* Data for the task *
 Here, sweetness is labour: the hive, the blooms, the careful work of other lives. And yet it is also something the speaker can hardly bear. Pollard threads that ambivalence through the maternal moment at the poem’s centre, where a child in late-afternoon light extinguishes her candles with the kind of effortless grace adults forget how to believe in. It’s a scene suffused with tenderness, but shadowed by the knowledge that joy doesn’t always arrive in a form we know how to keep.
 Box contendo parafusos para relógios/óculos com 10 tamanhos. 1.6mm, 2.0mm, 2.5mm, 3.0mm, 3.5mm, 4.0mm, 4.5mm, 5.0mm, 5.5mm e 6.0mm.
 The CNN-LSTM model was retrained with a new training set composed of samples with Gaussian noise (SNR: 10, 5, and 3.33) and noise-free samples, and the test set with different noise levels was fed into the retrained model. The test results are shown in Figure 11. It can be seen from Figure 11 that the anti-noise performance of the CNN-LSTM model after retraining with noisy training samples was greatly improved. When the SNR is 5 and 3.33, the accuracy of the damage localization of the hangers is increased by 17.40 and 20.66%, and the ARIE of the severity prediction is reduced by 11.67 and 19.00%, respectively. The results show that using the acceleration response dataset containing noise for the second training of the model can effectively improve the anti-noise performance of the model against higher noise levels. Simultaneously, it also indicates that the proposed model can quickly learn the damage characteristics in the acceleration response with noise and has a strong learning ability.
* * *
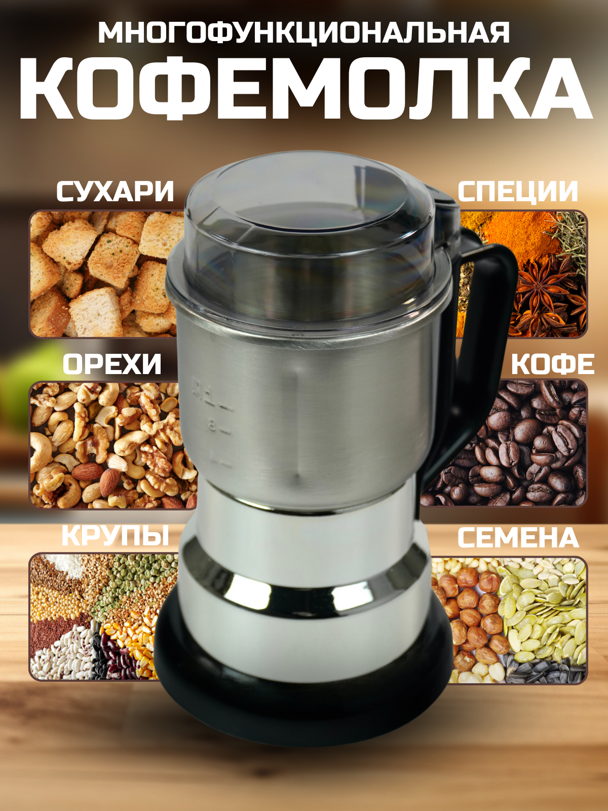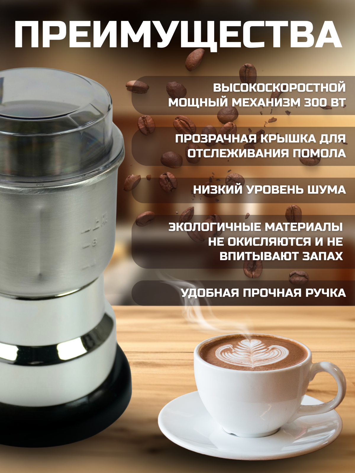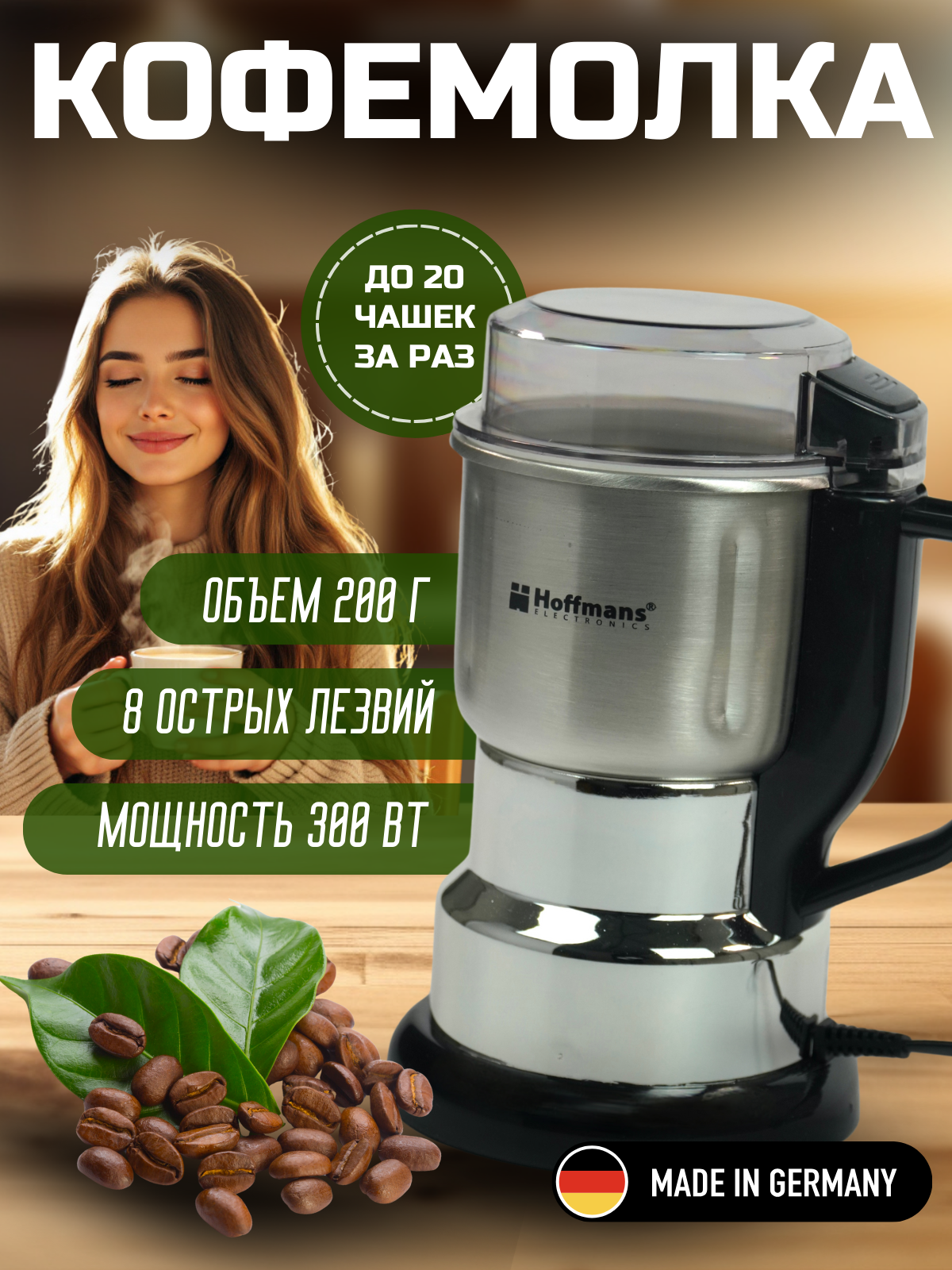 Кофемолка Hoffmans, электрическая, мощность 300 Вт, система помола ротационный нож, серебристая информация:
--
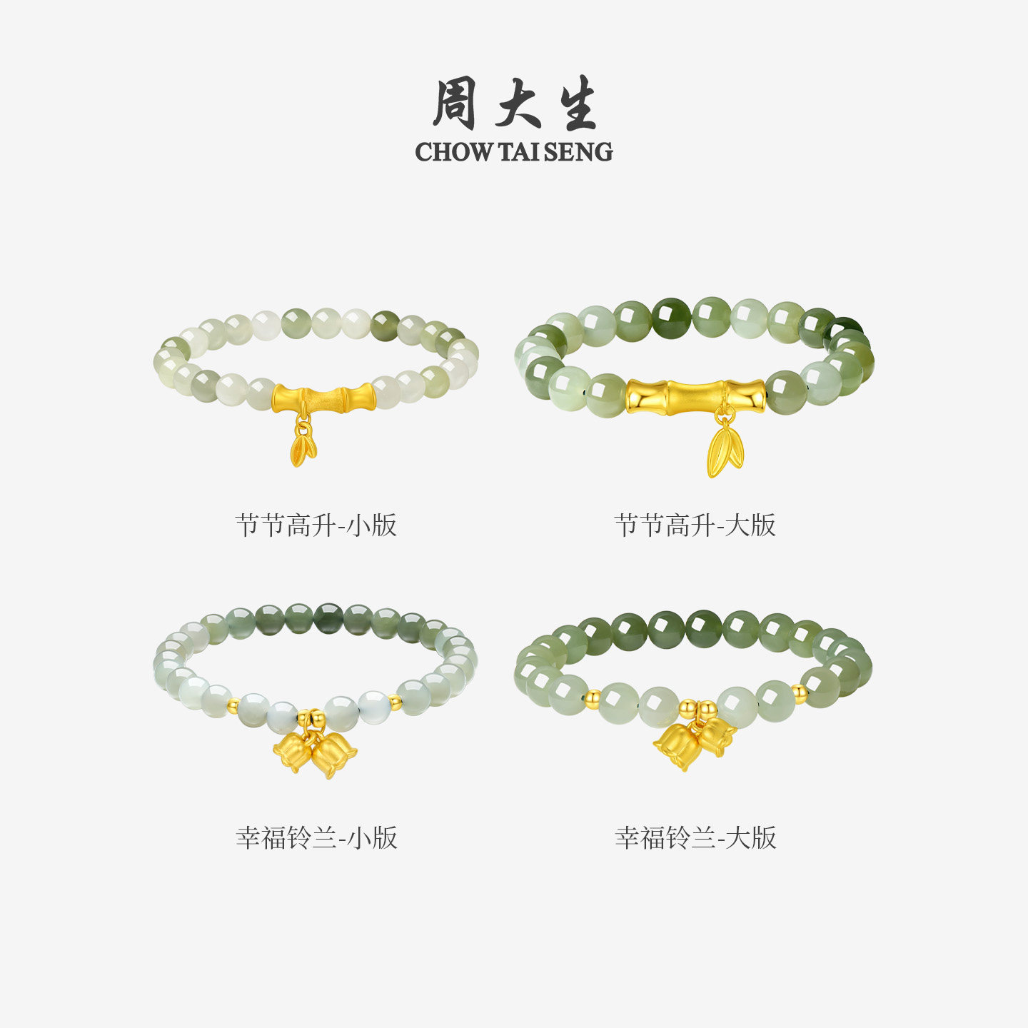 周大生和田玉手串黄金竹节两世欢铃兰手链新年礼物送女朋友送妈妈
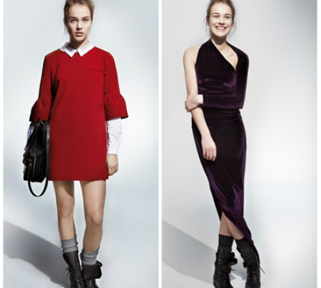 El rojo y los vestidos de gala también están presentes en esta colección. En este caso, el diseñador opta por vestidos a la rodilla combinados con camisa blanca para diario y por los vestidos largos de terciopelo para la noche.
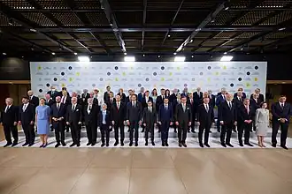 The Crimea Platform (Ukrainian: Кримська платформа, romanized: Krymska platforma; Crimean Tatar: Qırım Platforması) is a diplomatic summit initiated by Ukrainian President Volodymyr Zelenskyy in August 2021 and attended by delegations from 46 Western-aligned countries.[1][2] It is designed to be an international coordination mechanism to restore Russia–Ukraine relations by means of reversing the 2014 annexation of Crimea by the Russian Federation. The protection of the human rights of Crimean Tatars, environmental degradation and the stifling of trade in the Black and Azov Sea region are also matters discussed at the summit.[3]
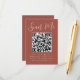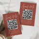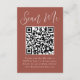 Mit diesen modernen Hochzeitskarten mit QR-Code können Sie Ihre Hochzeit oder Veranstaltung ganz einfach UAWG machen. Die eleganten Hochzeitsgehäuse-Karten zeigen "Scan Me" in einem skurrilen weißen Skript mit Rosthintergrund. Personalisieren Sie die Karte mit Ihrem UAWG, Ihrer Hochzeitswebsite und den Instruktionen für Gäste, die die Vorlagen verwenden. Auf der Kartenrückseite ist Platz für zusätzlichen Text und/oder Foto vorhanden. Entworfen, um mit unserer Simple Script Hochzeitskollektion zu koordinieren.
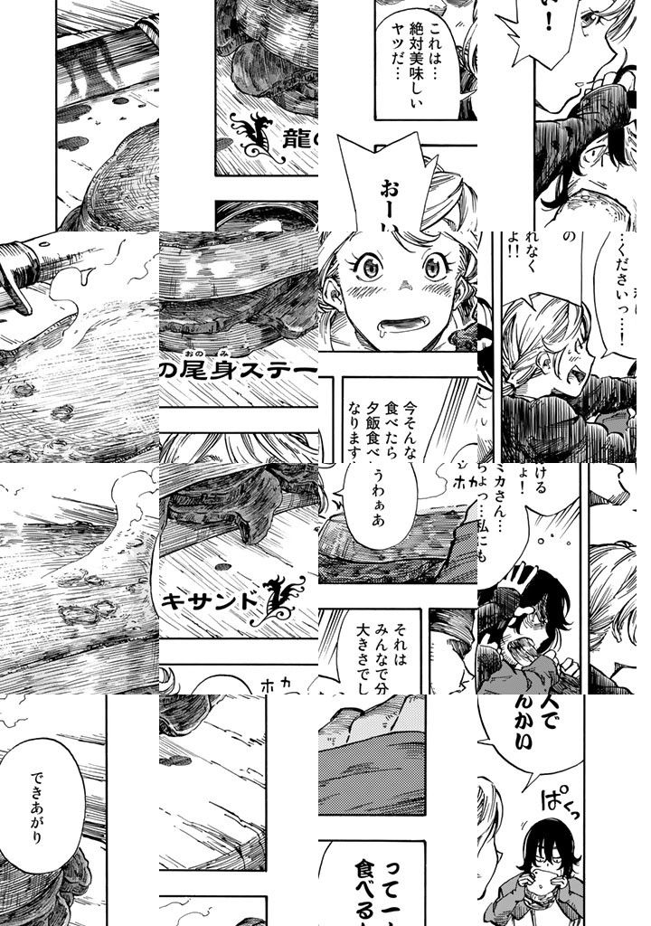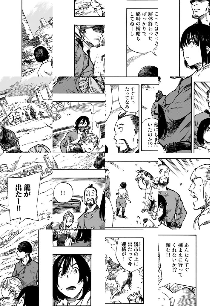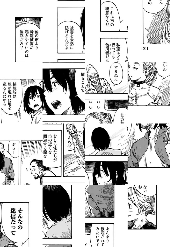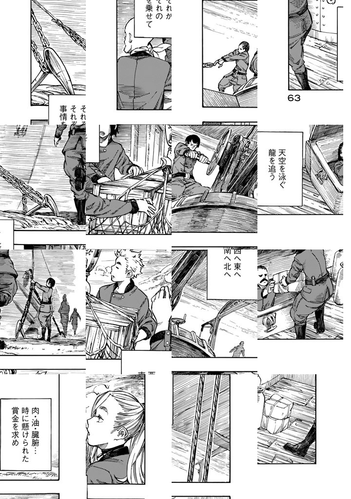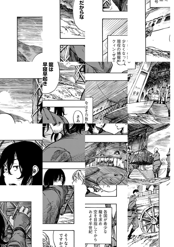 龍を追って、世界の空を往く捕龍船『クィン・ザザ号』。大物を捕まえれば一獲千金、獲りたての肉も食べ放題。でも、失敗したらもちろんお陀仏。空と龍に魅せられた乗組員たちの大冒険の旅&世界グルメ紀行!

* Exercise description *
Output exactly those lines of the data above that run from the line with "Mit diesen modernen" up to and including the line with "龍を追って、世界の空を往く捕". No pictures go in.

* Finished exercise *
 Mit diesen modernen Hochzeitskarten mit QR-Code können Sie Ihre Hochzeit oder Veranstaltung ganz einfach UAWG machen. Die eleganten Hochzeitsgehäuse-Karten zeigen "Scan Me" in einem skurrilen weißen Skript mit Rosthintergrund. Personalisieren Sie die Karte mit Ihrem UAWG, Ihrer Hochzeitswebsite und den Instruktionen für Gäste, die die Vorlagen verwenden. Auf der Kartenrückseite ist Platz für zusätzlichen Text und/oder Foto vorhanden. Entworfen, um mit unserer Simple Script Hochzeitskollektion zu koordinieren.
 龍を追って、世界の空を往く捕龍船『クィン・ザザ号』。大物を捕まえれば一獲千金、獲りたての肉も食べ放題。でも、失敗したらもちろんお陀仏。空と龍に魅せられた乗組員たちの大冒険の旅&世界グルメ紀行!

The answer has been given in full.